Ci stupisce questa presenza di tanti parenti venuti da Parigi e da Lione che candidamente ci chiedono di dire alla polizia che sono lì per recuperare tizio o caio, che li vogliono prendere e portare con sé, che sono venuti apposta, che sono stanchi perché hanno guidato a lungo, prima sono passati da Torino, poi da Milano e infine hanno saputo di Bologna. Allora ci sembra già più chiaro che i tunisini bloccati si sono messi in viaggio anche per ricongiungersi alle loro famiglie, per raggiungere parenti francesi, e che lo hanno potuto fare perché in questo momento sono saltati i controlli delle autorità sulla costa tunisina, da dove per anni era impossibile partire per andare dall’altra parte, cogliendo un’occasione che potrebbe non ripresentarsi più. Quello che le leggi sull’immigrazione impediscono, ossia raggiungere i parenti in Europa, anche solo per andarli a trovare, oggi si può fare, e questi ragazzi sembrano aver colto al volo l’occasione.

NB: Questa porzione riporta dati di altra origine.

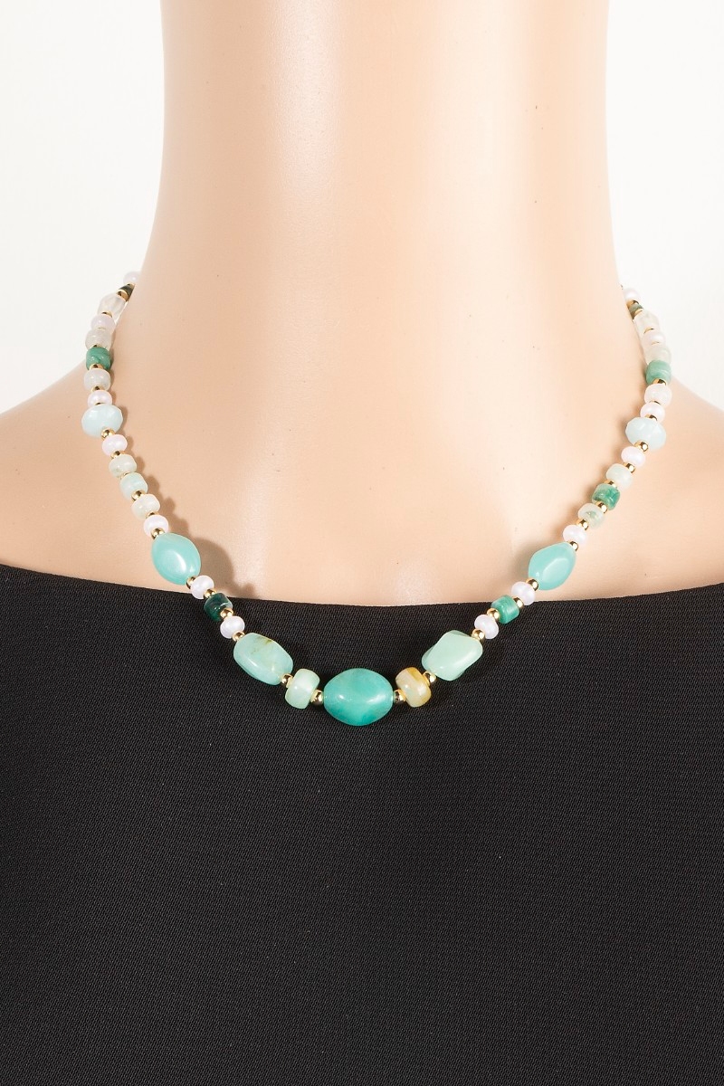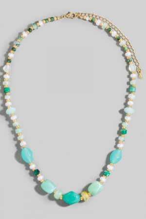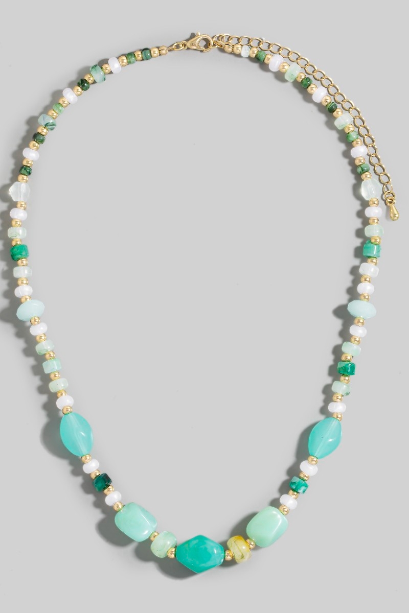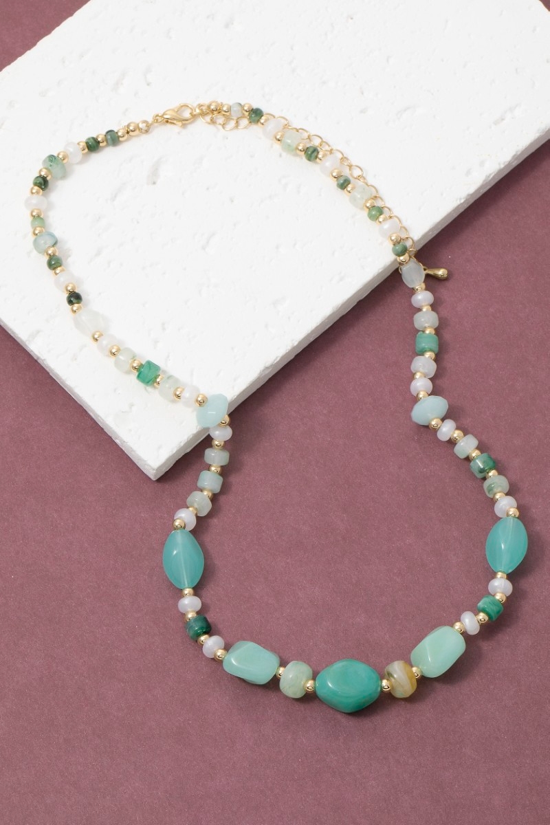 • This necklace features a fashionable mixed irregular turquoise resin beaded style. Redefine your look effortlessly with this standout, on-trend piece.

E mentre il Governo italiano esorta l’Unione Europea a condividere il peso degli arrivi sostenendo che la questione non riguarda solamente l’Italia, ci sembra che i legami parentali transnazionali stiano già praticando in maniera autonoma il cosiddetto “burden sharing”, facendo il possibile per non lasciare questi tunisini in Italia, dove peraltro non vogliono proprio rimanere. Ma ecco che i regolamenti europei sono il principale ostacolo ad una normale distribuzione dei migranti e rifugiati in Europa, perché se il regolamento di Dublino affida al primo Stato di ingresso la facoltà di riconoscere il diritto di asilo, allora l’Italia è una meta obbligata, il soggiorno qui un destino di tutti. E anche noi, che chiediamo l’accesso alla procedura d’asilo, il diritto alla protezione internazionale, ancora una volta vediamo questo diritto accartocciarsi su se stesso e ritorcersi contro questi giovani tunisini, che alla fine della giornata, dopo estenuanti procedure di schedatura e controllo, sono caricati sull’aereo e rispediti al Cara di Crotone, “a garanzia della procedura d’asilo” ci viene detto dagli ispettori della Questura. In nome del diritto di asilo davanti ai nostri occhi oggi sono state separate le famiglie, sbriciolati i sogni, impedito che sia l’Europa – quella delle persone in carne ed ossa – a farsi carico della questione. Per non parlare di che fine ha fatto la libertà.